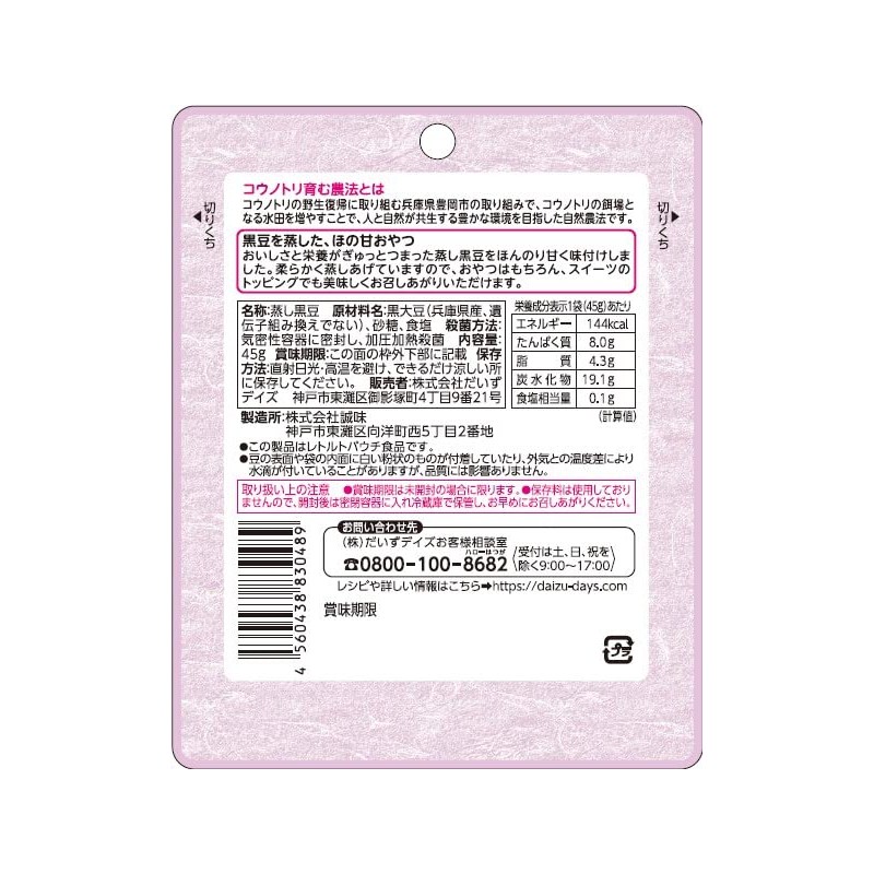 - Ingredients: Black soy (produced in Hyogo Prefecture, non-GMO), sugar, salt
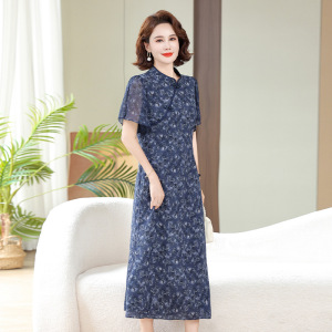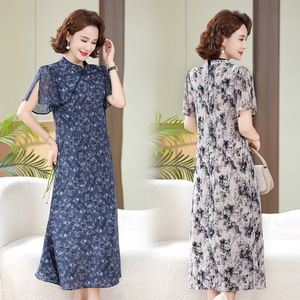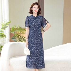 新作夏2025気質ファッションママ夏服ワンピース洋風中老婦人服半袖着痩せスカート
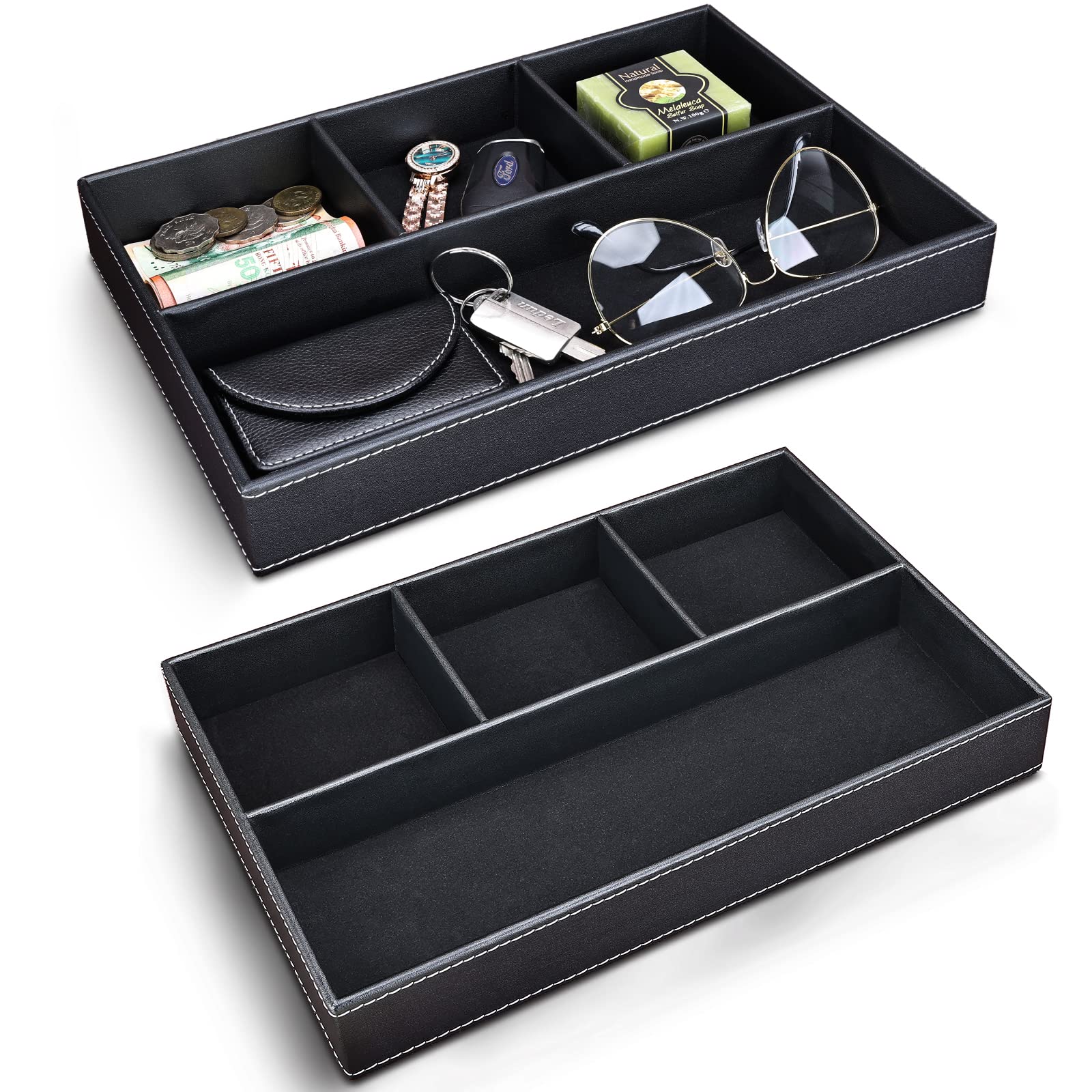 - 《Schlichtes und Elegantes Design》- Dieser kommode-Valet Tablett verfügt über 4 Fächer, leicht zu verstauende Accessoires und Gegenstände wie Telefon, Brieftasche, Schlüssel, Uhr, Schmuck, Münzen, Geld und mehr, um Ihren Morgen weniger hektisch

========================

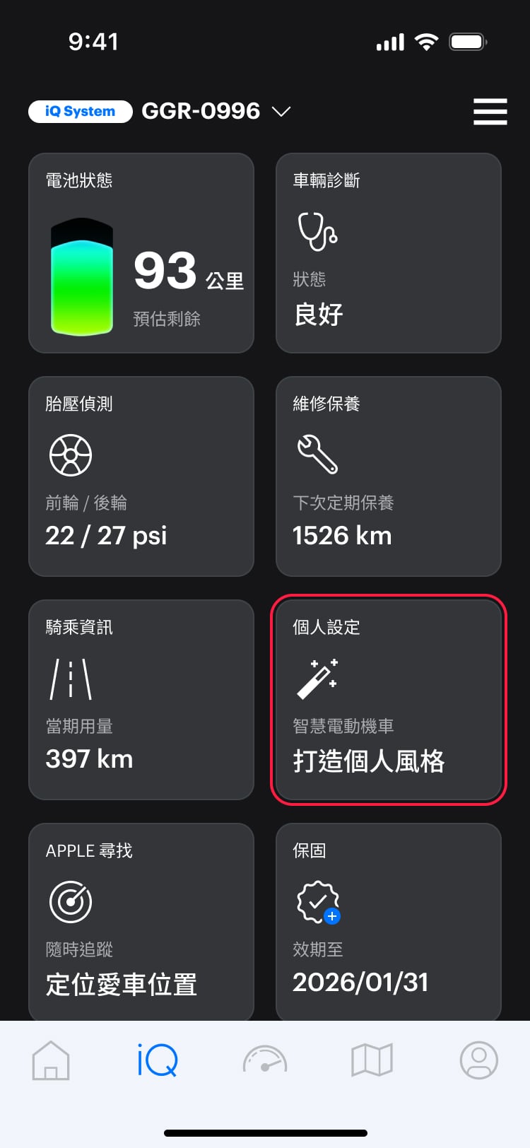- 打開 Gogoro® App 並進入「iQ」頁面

========================

▶ What this task involves: Could the stretch from the line with "- Ingredients: Black" through the line with "- 《Schlichtes und" in the listing above be restated word for word, minus the pictures?

▶ Response box:
 - Ingredients: Black soy (produced in Hyogo Prefecture, non-GMO), sugar, salt
 新作夏2025気質ファッションママ夏服ワンピース洋風中老婦人服半袖着痩せスカート
 - 《Schlichtes und Elegantes Design》- Dieser kommode-Valet Tablett verfügt über 4 Fächer, leicht zu verstauende Accessoires und Gegenstände wie Telefon, Brieftasche, Schlüssel, Uhr, Schmuck, Münzen, Geld und mehr, um Ihren Morgen weniger hektisch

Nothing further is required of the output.